[[ DATASET ENTRIES open ]]
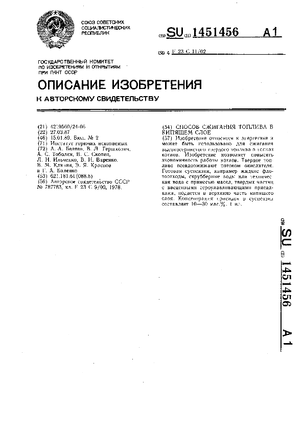 Способ сжигания топлива в кипящем слое / Беляев А. А., Гершкович В. Л., Тоболин А. С. [и др.]; заявитель: Институт горючих ископаемых // Описания изобретений (ретрофонд) / Комитет по патентам и товарным знакам России. – М., 2003. – 1989, № 1. — (Патенты России). — Загл. с титул. экрана. — Поисковая система: ИПС MIMOSA GTI. — Систем. требования: Acrobat Reader. — Режим доступа: ftp://smolensklib.ru/bd/patent_ru/pt1451456.pdf. — <URL:ftp://smolensklib.ru/bd/patent_ru/pt1451456.pdf>.
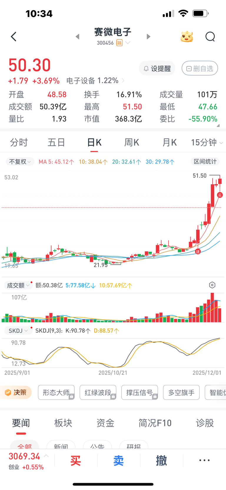 $赛微电子(SZ300456)$ 今天低点明天开盘五日线就碰到了,说明调整己到位,开启本周50%涨幅的新进程。
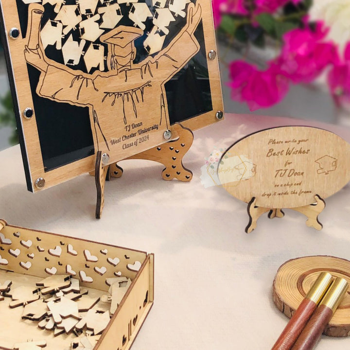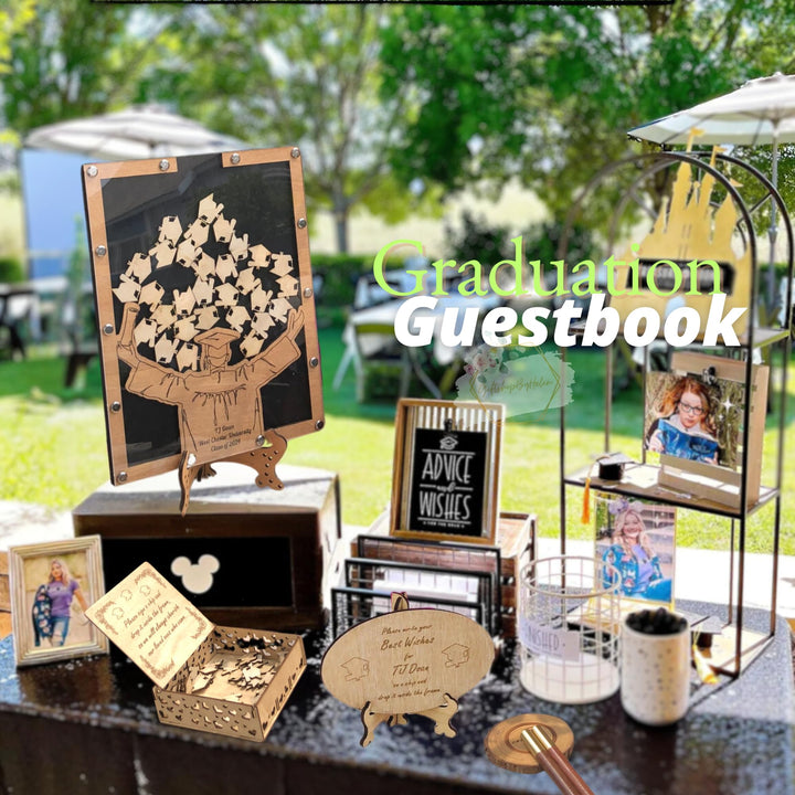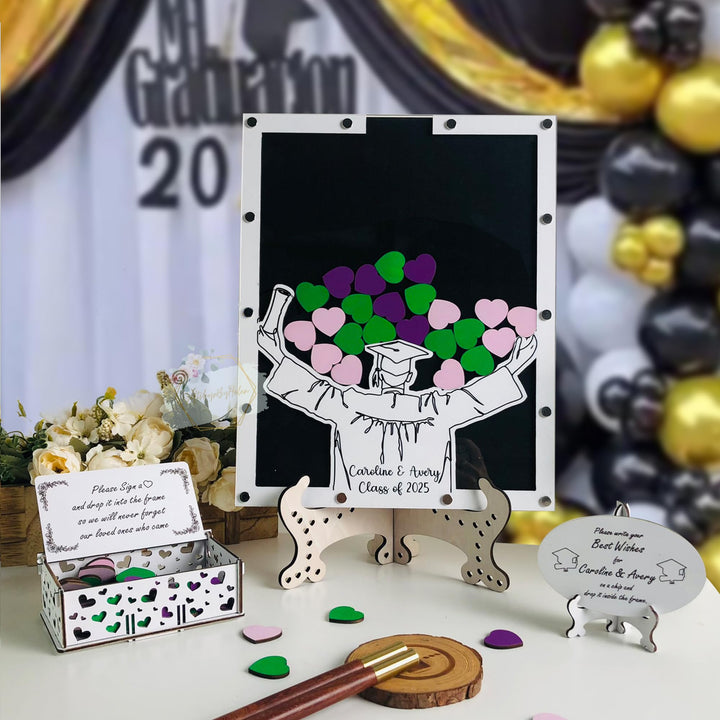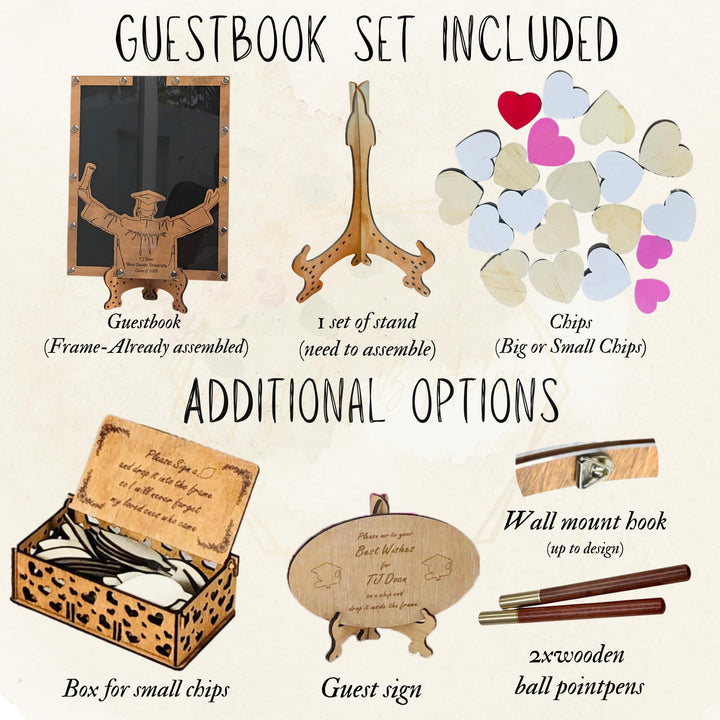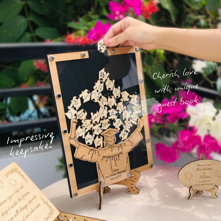 - [Not just a Guest Book] This interactive graduation guest book 2025 allows friends and family to write heartfelt messages on wooden chips and drop them into the frame. It’s a beautiful alternative to traditional signature books and enhances any guest book for graduation station. After the celebration, hang or stand this guest book in your room or school area as a meaningful piece of memory preserse. This guest book heart drop photo frame becomes a treasured reminder of love and support from your guests.
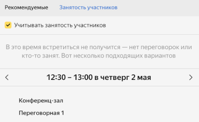 Чтобы Календарь предложил удобное для всех время и подобрал свободную переговорку, переключитесь на вкладку Рекомендуемые и включите опцию Учитывать занятость участников:
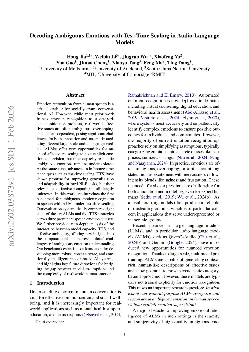Emotion recognition from human speech is a critical enabler for socially aware conversational AI. However, while most prior work frames emotion recognition as a categorical classification problem, real-world affective states are often ambiguous, overlapping, and context-dependent, posing significant challenges for both annotation and automatic modeling. Recent large-scale audio language models (ALMs) offer new opportunities for nuanced affective reasoning without explicit emotion supervision, but their capacity to handle ambiguous emotions remains underexplored. At the same time, advances in inference-time techniques such as test-time scaling (TTS) have shown promise for improving generalization and adaptability in hard NLP tasks, but their relevance to affective computing is still largely unknown. In this work, we introduce the first benchmark for ambiguous emotion recognition in speech with ALMs under test-time scaling. Our evaluation systematically compares eight state-of-the-art ALMs and five TTS strategies across three prominent speech emotion datasets. We further provide an in-depth analysis of the interaction between model capacity, TTS, and affective ambiguity, offering new insights into the computational and representational challenges of ambiguous emotion understanding. Our benchmark establishes a foundation for developing more robust, context-aware, and emotionally intelligent speech-based AI systems, and highlights key future directions for bridging the gap between model assumptions and the complexity of real-world human emotion.
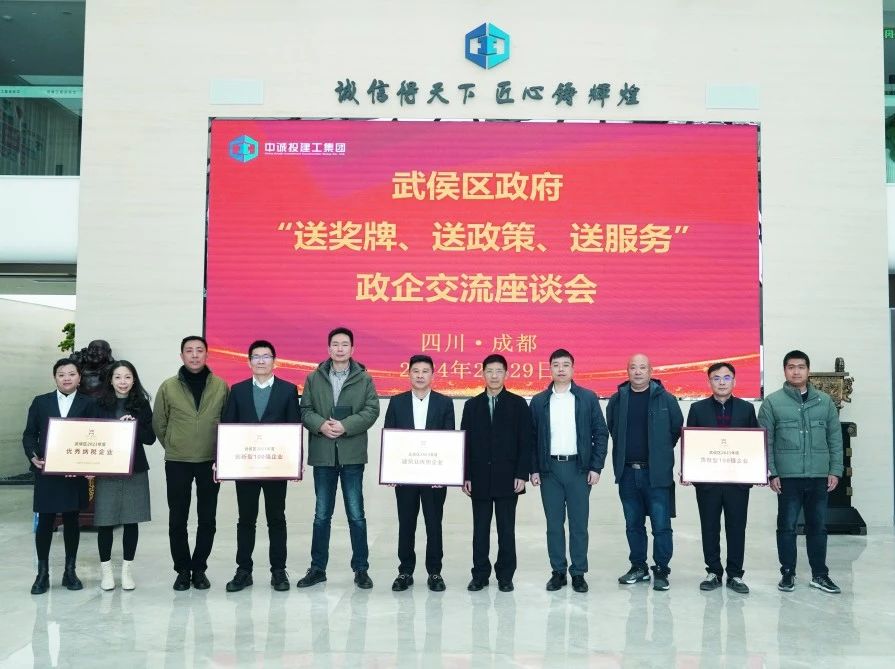 會后,調研組領導分別為中誠投頒發了武侯區2023年度“建筑業優勢企業”“創新型100強企業”“貢獻型100強企業”“優秀納稅企業”四項榮譽獎牌。
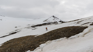 This is not the first time we've been to Svalbard and a couple of Svalbardians from about 15 years ago booked one of our guest bedrooms for a week. Besides sight seeing and shopping, some of the Classic Routes were re-done. The skiing did not work out that well: a binding broke exactly at the moment before the skier would have launced himself downhill in the soft summer snow...
[[ DATASET ENTRIES closed ]]
THE PROBLEM :: Repeat the data word for word. Skip the pictures.

RESULT BELOW ::
 Способ сжигания топлива в кипящем слое / Беляев А. А., Гершкович В. Л., Тоболин А. С. [и др.]; заявитель: Институт горючих ископаемых // Описания изобретений (ретрофонд) / Комитет по патентам и товарным знакам России. – М., 2003. – 1989, № 1. — (Патенты России). — Загл. с титул. экрана. — Поисковая система: ИПС MIMOSA GTI. — Систем. требования: Acrobat Reader. — Режим доступа: ftp://smolensklib.ru/bd/patent_ru/pt1451456.pdf. — <URL:ftp://smolensklib.ru/bd/patent_ru/pt1451456.pdf>.
 $赛微电子(SZ300456)$ 今天低点明天开盘五日线就碰到了,说明调整己到位,开启本周50%涨幅的新进程。
 - [Not just a Guest Book] This interactive graduation guest book 2025 allows friends and family to write heartfelt messages on wooden chips and drop them into the frame. It’s a beautiful alternative to traditional signature books and enhances any guest book for graduation station. After the celebration, hang or stand this guest book in your room or school area as a meaningful piece of memory preserse. This guest book heart drop photo frame becomes a treasured reminder of love and support from your guests.
 Чтобы Календарь предложил удобное для всех время и подобрал свободную переговорку, переключитесь на вкладку Рекомендуемые и включите опцию Учитывать занятость участников:
Emotion recognition from human speech is a critical enabler for socially aware conversational AI. However, while most prior work frames emotion recognition as a categorical classification problem, real-world affective states are often ambiguous, overlapping, and context-dependent, posing significant challenges for both annotation and automatic modeling. Recent large-scale audio language models (ALMs) offer new opportunities for nuanced affective reasoning without explicit emotion supervision, but their capacity to handle ambiguous emotions remains underexplored. At the same time, advances in inference-time techniques such as test-time scaling (TTS) have shown promise for improving generalization and adaptability in hard NLP tasks, but their relevance to affective computing is still largely unknown. In this work, we introduce the first benchmark for ambiguous emotion recognition in speech with ALMs under test-time scaling. Our evaluation systematically compares eight state-of-the-art ALMs and five TTS strategies across three prominent speech emotion datasets. We further provide an in-depth analysis of the interaction between model capacity, TTS, and affective ambiguity, offering new insights into the computational and representational challenges of ambiguous emotion understanding. Our benchmark establishes a foundation for developing more robust, context-aware, and emotionally intelligent speech-based AI systems, and highlights key future directions for bridging the gap between model assumptions and the complexity of real-world human emotion.
 會后,調研組領導分別為中誠投頒發了武侯區2023年度“建筑業優勢企業”“創新型100強企業”“貢獻型100強企業”“優秀納稅企業”四項榮譽獎牌。
 This is not the first time we've been to Svalbard and a couple of Svalbardians from about 15 years ago booked one of our guest bedrooms for a week. Besides sight seeing and shopping, some of the Classic Routes were re-done. The skiing did not work out that well: a binding broke exactly at the moment before the skier would have launced himself downhill in the soft summer snow...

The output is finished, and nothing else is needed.